I wouldn't get too excited about the antique side of things,most these days end up in the pot unless they are of high quality or by a good maker. Diamonds in rings, again so many around that their value has also dropped to a silly value unless their of good colour and clarity and weigh at least a quarter of a carat or are really pretty settings and mounts. Cameos ,unless hard stone or extremely fine same again. 
Check out Fellows and Sons online and you will see what I mean,the gold price has signed the death knell for many average antique pieces which when the price was around £3 a gram for 9 ct would have fetched double that easily but at around £10 a gram it's melt time.
Keep any stones you can get out they have a value and buy a diamond tester to make sure that's what you have.
Happy hunting.


----------



## mkrichard (Oct 14, 2010)

Surely these must be worth more than spot  

http://img692.imageshack.us/i/14102010025.jpg/

http://img225.imageshack.us/i/14102010026.jpg/


----------



## nickvc (Oct 14, 2010)

Does the first ring in the picture have CZ stamped inside it?
If it does that stands for cubic zirconia,they are twice as heavy as diamonds and will show signs of wear on the table and facets.
The cameo to me looks like what people call pinchback which was a metal made to look like gold,it might just be the darkness of the photo, the cameo isn't particulary well carved so unless it's hard stone it's worth nothing(hard stone means what it says it's not shell but stone ).
Sorry but as I said it's not easy to find items worth more than the scrap value at present.
When buying stone set scrap you need to allow for the weight of stones,some heavily set bracelets can have nearly 3 - 5 grams of CZs in them.
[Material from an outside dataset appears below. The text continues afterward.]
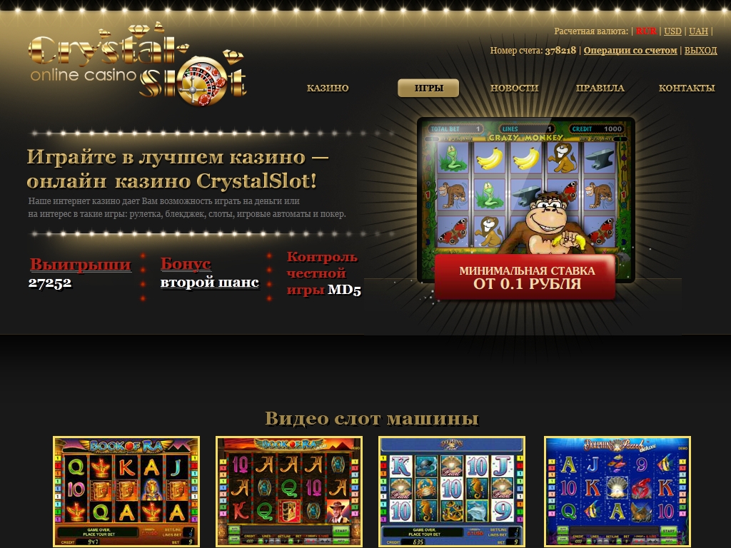 Начать освоение игрового пространства онлайн казино CrystalSlot можно с ознакомления с видео слот машинами. На данный момент на сайте их восемнадцать, но перчень доступных игр постоянно пополняется. Имеется также десять автоматов. Семь видов покера привлекают тех, кто не представляет себе казино без этой популярной игры! Классический блэкджек и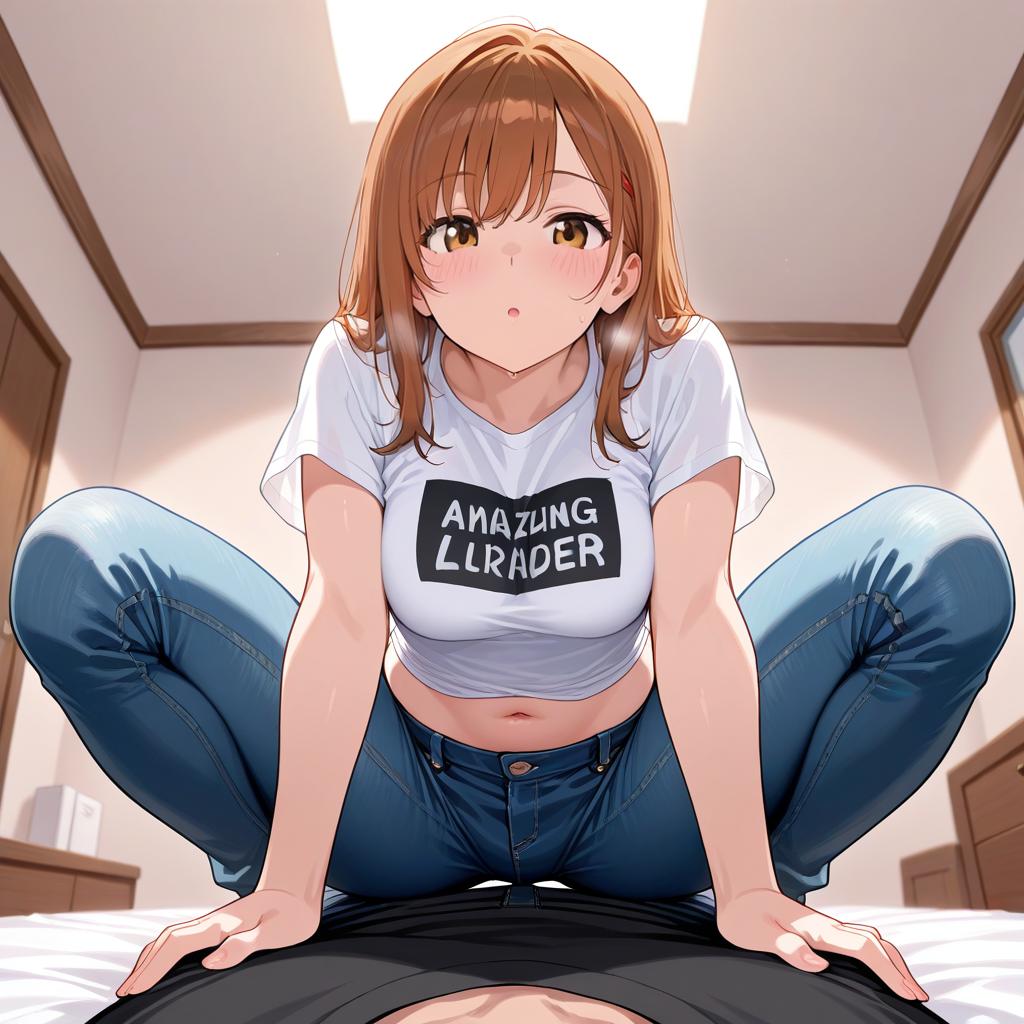 1boy, 1girl, girl on top, hetero, denim jeans, t-shirt, navel, bed, indoors, from below, full body, pov

Take some out and weigh them get used to calculating the weights or lose money.


----------



## mkrichard (Oct 16, 2010)

http://img137.imageshack.us/g/img0102mcv.jpg/

Anthing worth saving out of that its all good condition jewllery.
And yes it does say C/Z and the cameo is 9ct gold as i have tested it. 
Do you think any of that would sell for above spot on ebay ?


----------



## nickvc (Oct 16, 2010)

mkrichard said:


> http://img137.imageshack.us/g/img0102mcv.jpg/
> 
> Anthing worth saving out of that its all good condition jewllery.
> And yes it does say C/Z and the cameo is 9ct gold as i have tested it.
> Do you think any of that would sell for above spot on ebay ?


. 

Can't comment on e bay never used it never will, it might be worth a try as some things seem to fetch silly money,the cameo will weigh maybe 2 or 3 grams and CZs are twice the weight of diamonds,the call is yours can't really advise you but don't be surprised if they sell below scrap or close to it,the antique and second-hand market is gone except for exceptional pieces because of the gold price!


----------